The Legal Implications
Legally, for most employers, there is nothing further you need to do, and you can, for all intents and purposes, just sit tight. For one thing, the injunction could be appealed to the Fifth Circuit or the Supreme Court and that could take some time. We haven’t even heard from DOL what it plans to do next, including whether it plans to appeal. It is still considering its options.
Further, this ruling will not impact employers’ need to comply with applicable state law, where it differs from the federal law. For example, California and New York’s minimum salary levels are scheduled to increase in the coming years regardless of what happens to the DOL’s overtime rule.
For those employers who were utilizing the new rule as an opportunity to conduct a more thorough audit of your classification decisions with a focus on the job duties test, which the new rule did not propose to change, we advise that you consult with counsel regarding next steps with respect to those audits. Regardless of whether the rule ever goes into effect, if you misapply the job duties test and thereby misclassify employees, it could be very costly.
Lastly, employers must understand that reversing course must be a forward, not backward, looking exercise. You cannot try to recoup any wages previously paid to employees, whether in the form of a salary raise or in additional overtime, without facing potential wage and hour violations.
Other Factors to Consider
Employers must also consider the business implications of unwinding the changes you have already made or announced you would make. Consider what costs would be incurred in the form of lower employee morale, productivity and turnover and any administrative costs you will incur, if the changes are rolled back. Would the employee welcome being converted back to overtime exempt? For example, some may value the long-term career growth opportunity over the short-term bump in overtime pay. If you raised salaries, how would the employee react to reducing that salary back to its previous level? If those costs will outweigh the labor cost savings you will enjoy, think twice before switching course. Consider also whether reversing course will put you at a competitive disadvantage as to your industry peers who may have committed to keep the changes in place.
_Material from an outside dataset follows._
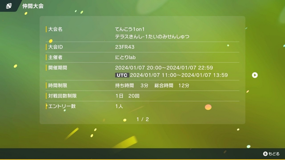 折角初手ミカルゲ&電テララウボという強い並びを握れたのに、他4枠の考察を詰め切れず勝ちきれなかったのは本当に悔しいため、次の公式大会からはちゃんと準備して悔いのないように戦うと誓った。

The same goes for employers who have not made any changes or notified employees about any contemplated changes to date. These employers must ask if continuing to “do nothing,” will it make them less competitive in the market.
Further, employers should consider whether their employees will be talking about this new development at the water cooler or over social media. Consider whether it makes sense to send an appropriately-tailored communication to the workforce or an appropriate segment of the workforce that aligns expectations accordingly. Try to use this as an employee relations opportunity in the face of the uncertainty created by this decision, including where employees may have spent months developing certain expectations and engaging in financial planning.